# any Micro racing in s. MI ??



## 420 Tech R/C (Sep 15, 2006)

Hey guys I was wondering if anybody knows of any place doing any Mini-z and or xmods racing in southern michigan?? We have around a dozen of us here that would like to race some where other than my basement this winter.We are in jackson,mi , and are willing to start a public track somewhere if we can find enough people to get some actual races happening.Please contact me with any info or if you are in the area close to jackson and would like to help organize a micro scale car club.


----------



## okracer (Mar 11, 2002)

hey with twelve of ya theres enough for a club look around for a church or somewhere that has a gym where you guys could set up a track all you need are some pvc 3/4 inch pipe and some conections and if you have a old laptop you can get ya some lap counting softwear for free and you are set


----------



## madk93 (Jan 19, 2006)

Hey Im in jackson, Michigan and have a bunch of rcs and know other with them here.. go here to hook up with them... Just started an all jackson, Michigan site this morning... http://jacksonrcs.2.forumer.com/index.php?act=idx


----------



## kevinm (Jan 16, 2002)

I think they race 1/18ths at Hobbytown USA in Grand Blanc during the winter.
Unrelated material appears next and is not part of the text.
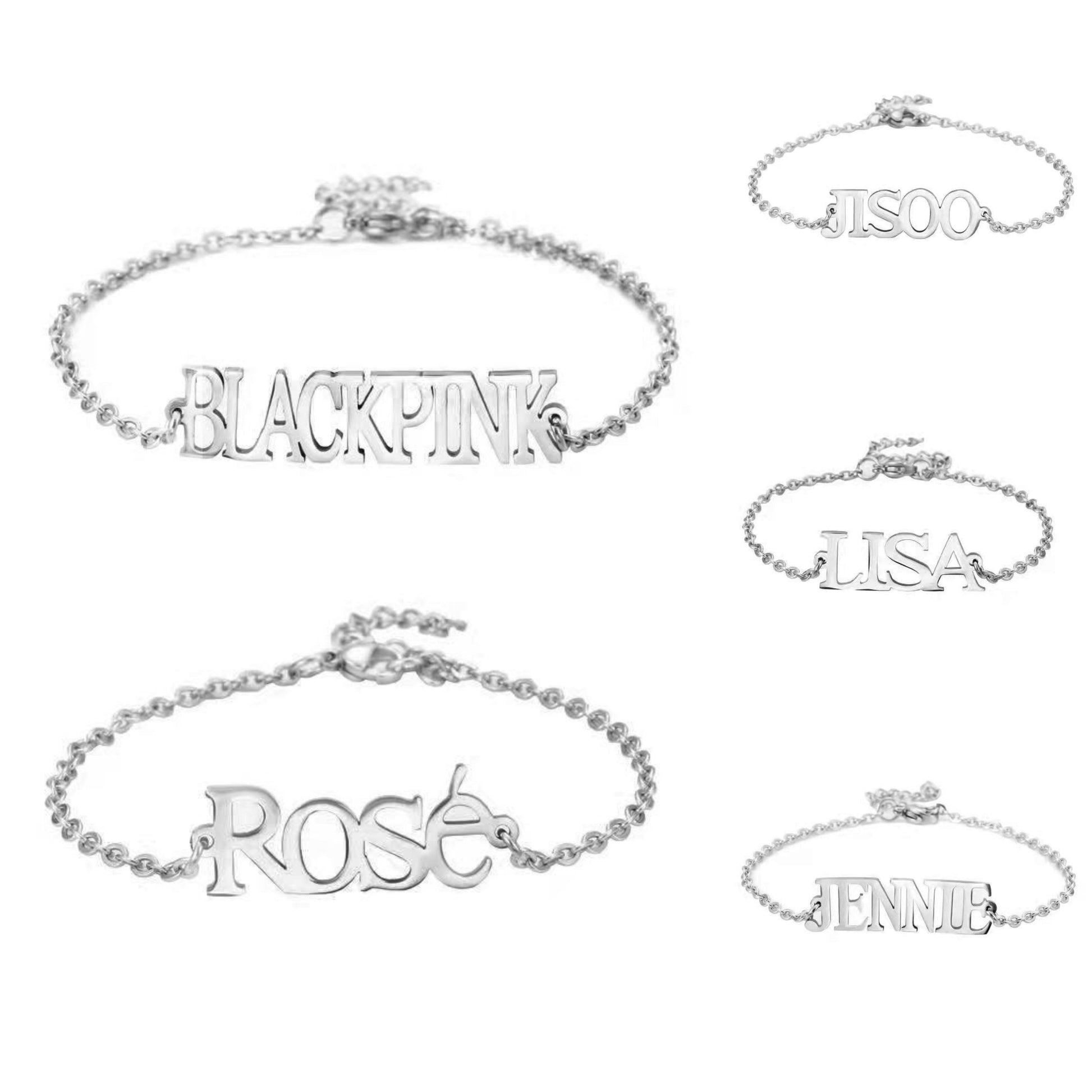 Bracelets Blackpink en acier inoxydable, hypoallergéniques : à porter ou à offrir à un autre blink !🩷 Disponibles avec le nom de tous les membres et également avec le nom du groupe.

Check out http://www.htugrandblanc.com/ , Dave or Noah should have the details.


----------



## 420 Tech R/C (Sep 15, 2006)

yeah, grand blanc is too far to drive to have fun.. I think I will just run in my basement.


----------



## viper1 (Aug 14, 2005)

ya we are racing at HTU Grand Blanc
just ran oval last night (it was a grin!)
here's a link to race forum, for more information:

http://www.htugrandblanc.com/snitz/topic.asp?TOPIC_ID=254


----------



## josh short (Sep 16, 2002)

there is a mini-z club in ann arbor we have a race this friday night go to minizracer.com go to the forum and search for ann arbor has the adddress to the place


----------